The yachting party, including Mrs. Chump, were at the breakfast-table, and that dumb guest had done all the blushing for Lady Charlotte, when Wilfrid entered, neat, carefully brushed, and with ready answers, though his face could put on no fresh colours. To Mrs. Chump he bent, passing, and was pushed away and drawn back. "Your eyes!" she whispered.

"My—yeyes!" went Wilfrid, in schoolboy style; and she, who rarely laughed, was struck by his humorous skill, saying to Sir Twickenham, beside her: "He's as cunnin' as a lord!"

Sir Twickenham expressed his ignorance of lords having usurped priority in that department. Frightened by his portentous parliamentary phraseology, she remained tolerably demure till the sitting was over: now sidling in her heart to the sins of the great, whom anon she angrily reproached. Her principal idea was, that as the world was discovered to be so wicked, they were all in a boat going to perdition, and it would be as well to jump out immediately: but while so resolving, she hung upon Lady Charlotte's looks and little speeches, altogether seduced by so fresh and frank a sinner. If safe from temptation, here was the soul of a woman in great danger of corruption.

"Among the aristocracy," thought Mrs. Chump, "it's just the male that hangs his head, and the female struts and is sprightly." The contrast between Lady Charlotte and Wilfrid (who when he ceased to set outrageously, sat like a man stricken by a bolt), produced this reflection: and in spite of her disastrous vision of the fate of the boat they were in, Mrs. Chump owned to the intoxication of gliding smoothly— gliding on the rapids.

The breakfast was coming to an end, when Braintop's name was sent in to Mrs. Chump. She gave a cry of motherly compassion for Braintop, and began to relate the little deficiencies of his temper, while, as it were, simmering on her seat to go to him. Wilfrid sent out word for him to appear, which he did, unluckily for himself, even as Mrs. Chump wound up the public description of his character by remarking: "He's just the opposite of a lord, now, in everything." Braintop stood bowing like the most faithful confirmation of an opinion ever seen. He looked the victim of fatigue, in the bargain. A light broke on Mrs. Chump.

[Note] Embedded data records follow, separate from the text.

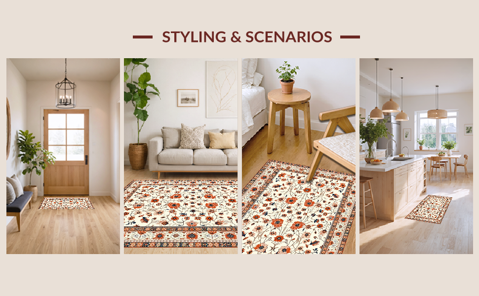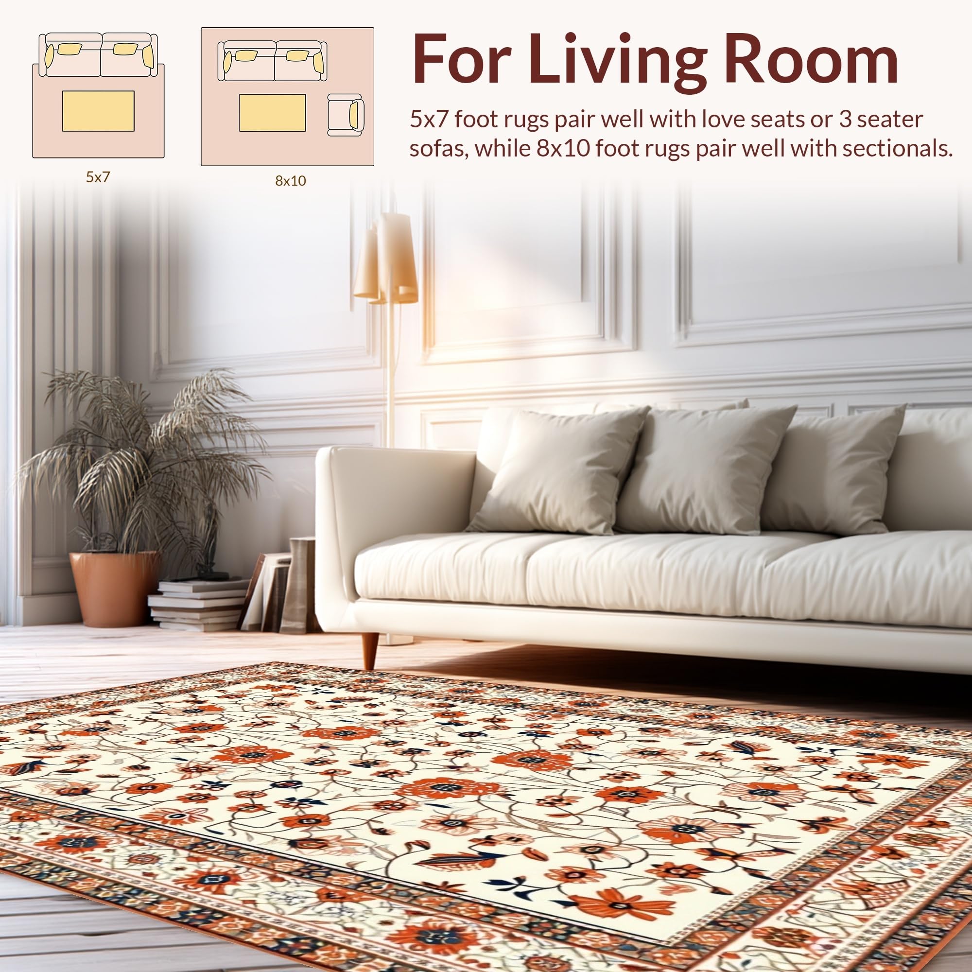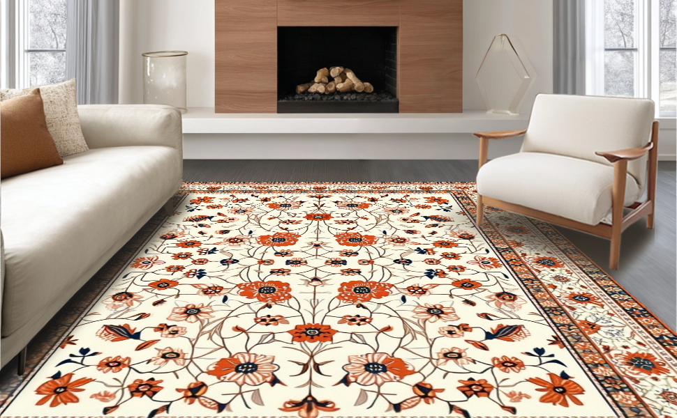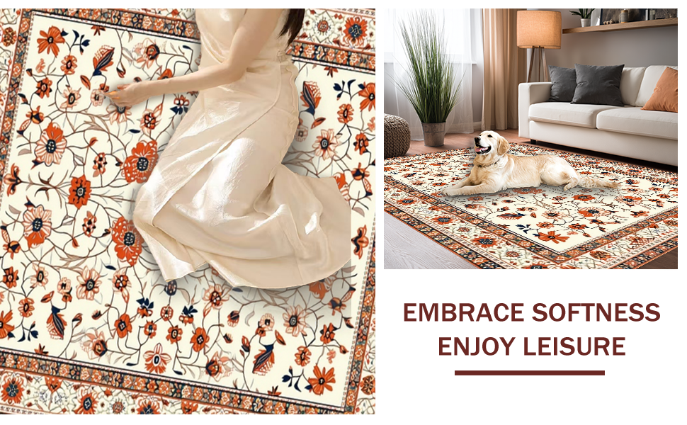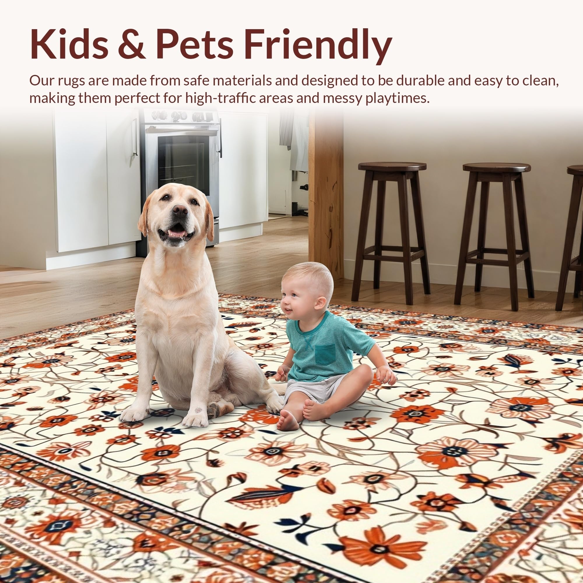 Ultra Soft Area Rug, Non Slip, Stain Resistant, Washable Area Rugs for Living Room, Bedroom, Stylish Eco-Inspired Pattern(Beige) Overview:
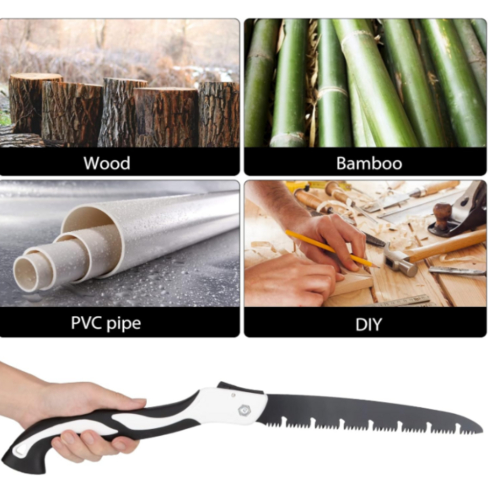 Una herramienta práctica y confiable que no puede faltar en tu equipo. Este serrucho portátil combina potencia, precisión y comodidad en un formato compacto, perfecto para quienes aman el aire libre, los trabajos manuales o necesitan una solución efectiva en casa o el taller.Con una hoja de 24 cm de acero afilado con doble dentado, permite realizar cortes limpios en madera o caños plásticos sin esfuerzo. Su diseño plegable y su mango ergonómico con recubrimiento antideslizante lo hacen cómodo de usar y fácil de transportar.Fabricado con materiales duraderos y resistentes, ofrece un rendimiento constante tanto en el campo como en tu banco de trabajo.Características destacadas:Tamaño total desplegado: 52 cmLargo de hoja: 24 cm | Mango plegado: 30 cmMango de plástico y goma antideslizante para un agarre seguroCuerpo resistente y duraderoCorte eficiente en madera y plásticoDiseño compacto para facilitar guardado y trasladoUsos recomendados:Excursiones, camping y actividades al aire libreTrabajos de carpintería, bricolaje o jardineríaProyectos domésticos y mantenimiento generalUna herramienta todo terreno que combina comodidad, eficacia y practicidad. ¡Agregala a tu kit y enfrentá cualquier tarea con confianza!
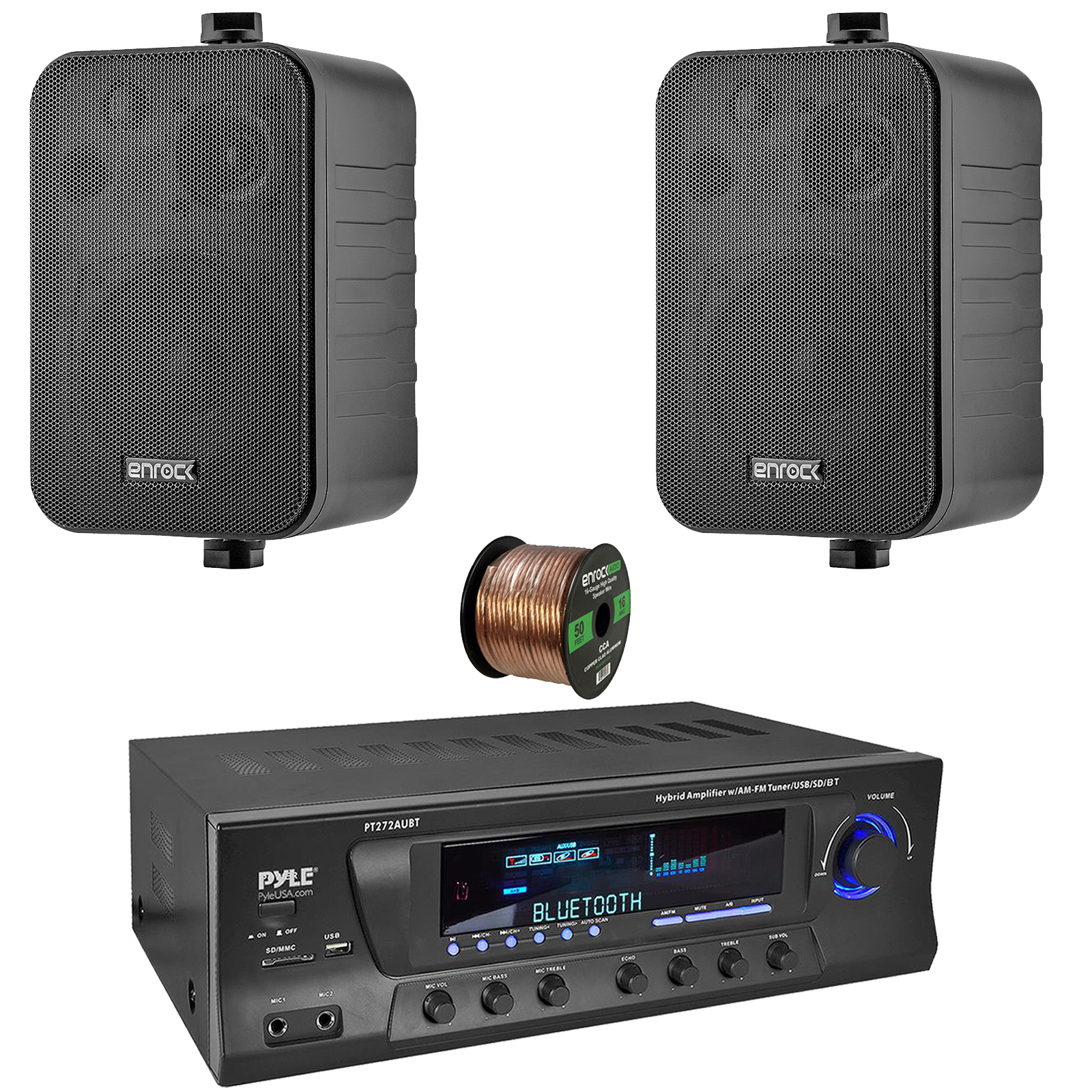 PACKAGE BUNDLE INCLUDES: Pyle PT272AUBT High-Power 300 Watt Max Power Bluetooth Home Theater Amplifier Receiver with AM/FM Radio, MP3 & USB Playback, 2x Enrock EKMR408B 4" 30 Watt Max Power 3-Way Indoor/Outdoor Black Speakers, 50 Feet 16 Gauge Speaker Wire
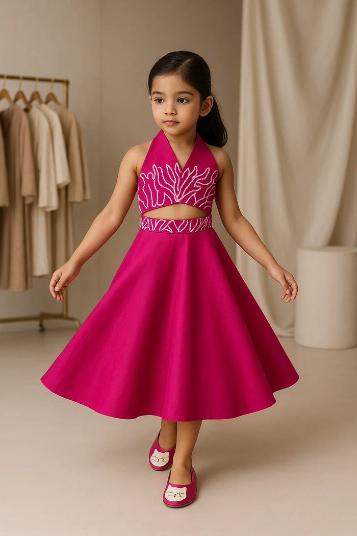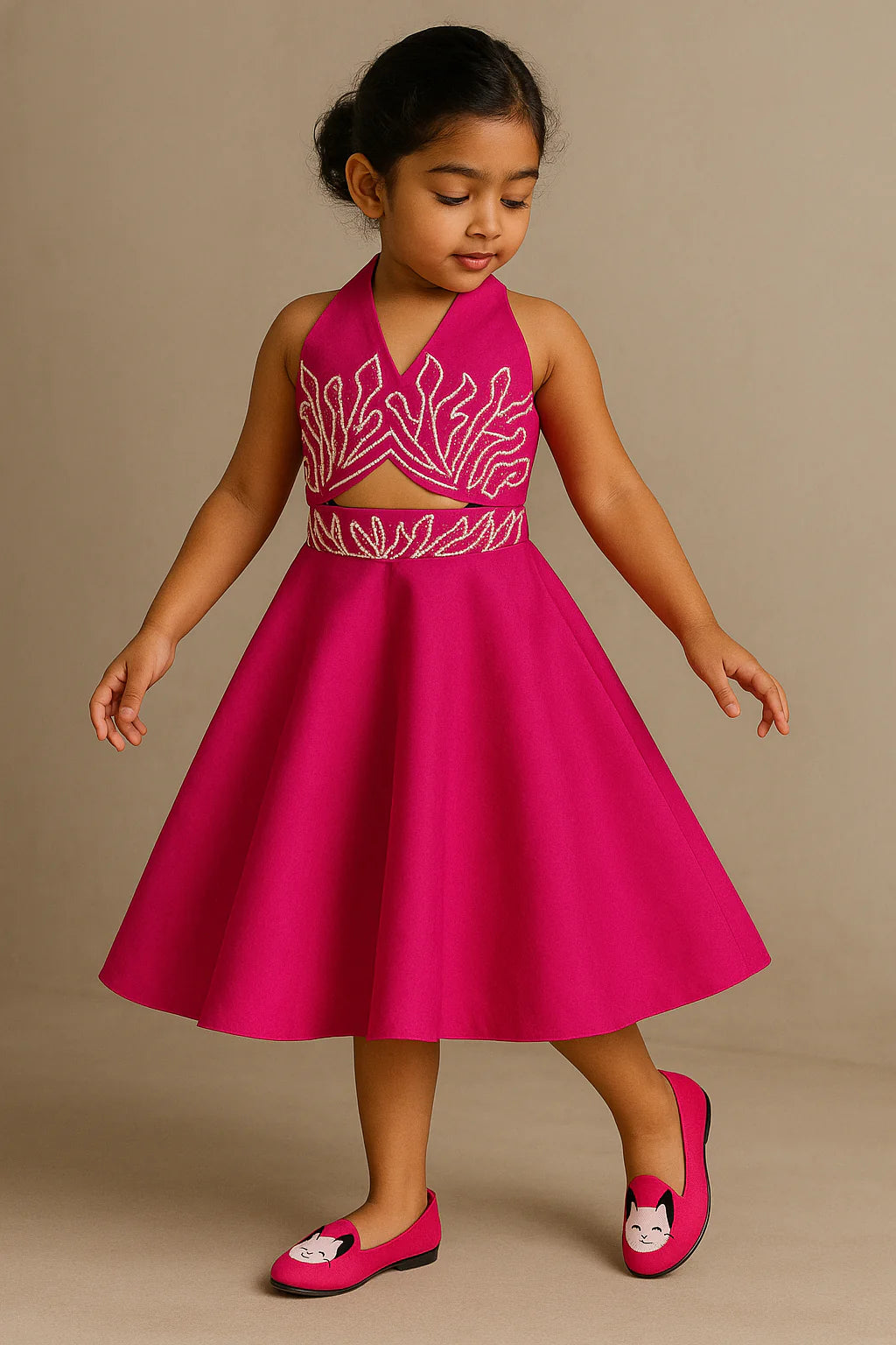 Halter neck top with pearl embroidery at the front and a hook at the back of the neck Top with a back hook closure and a bow enhanced with press buttons SKirt with pearl embroidery on the waistline at the front...
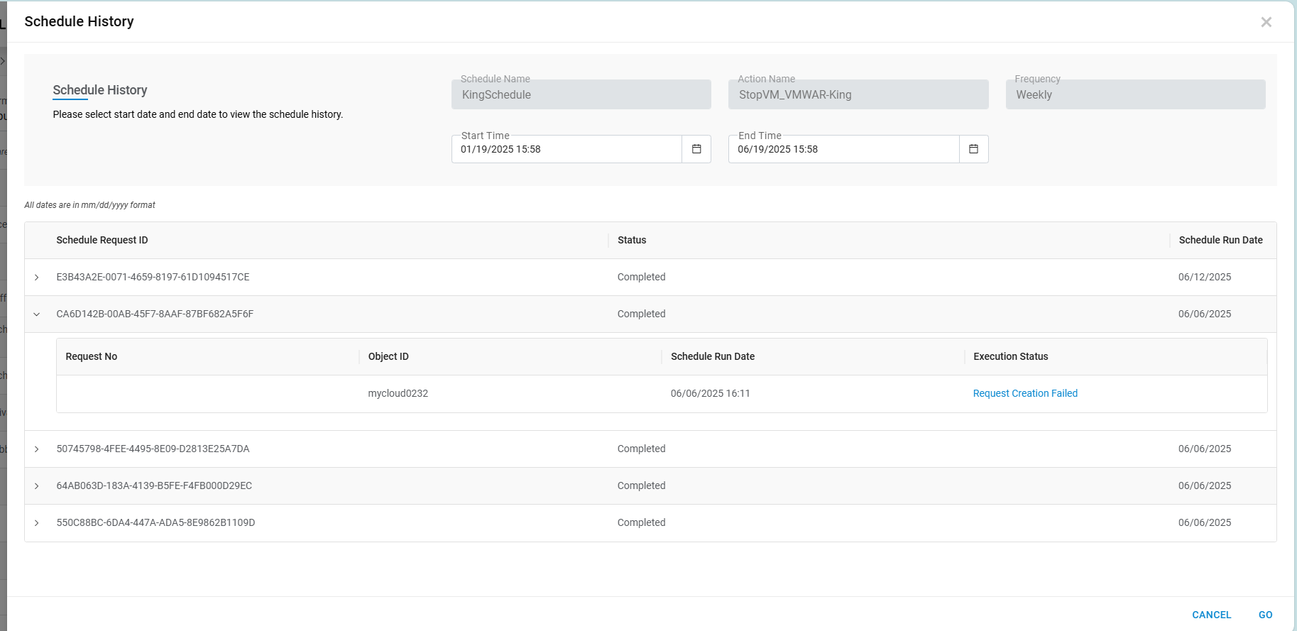 | Start Date | Start Time, to filter the history of Schedules from this time |

"I'll never forgive myself, ye poor gentle heart, to throw pens and pen- wipers at ye, that did your best, poor boy! What have ye been doin'? and why didn't ye return, and not go hoppin' about about all night like a young kangaroo, as they say they do? Have ye read the 'Arcana of Nature and Science,' ma'am?"

The Hon. Mrs. Bayruffle, thus abruptly addressed, observed that she had not, and was it an amusing book?

"Becas it'll open your mind," pursued Mrs. Chump; "and there, he's eatin'! and when a man takes to eatin', ye'll never have any fear about his abouts. And if ye read the 'Arcana of Nature and Science,' ma'am, ye'll first feel that ye've gone half mad. For it contains averything in the world; and ye'll read ut ten times all through, and not remember five lines runnin'! Oh, it's a dreadful book: and that's the book to read to your husband when he's got a fit o' the gout. He's got nothin' to do but swallow knolludge then. Now, Mr. Braintop, don't stop, but tell me as ye go on what ye did with yourself all night."

A slight hesitation in Braintop caused her to cross-examine him rigidly, suggesting that he might not dare to tell, and he, exercising some self- command, adopted narrative as the less ignominious form of confession. No one save Mrs. Chump listened to him until he mentioned the name Miss Belloni; and then it was curious to see the steadiness with which certain eyes, feigning abstraction, fixed in his direction. He had met Emilia on the outskirts of the town, and unable to persuade her to take shelter anywhere, had walked on with her in dead silence through the night, to the third station of the railway for London.

"Is this a mad person?" asked the Hon. Mrs. Bayruffle.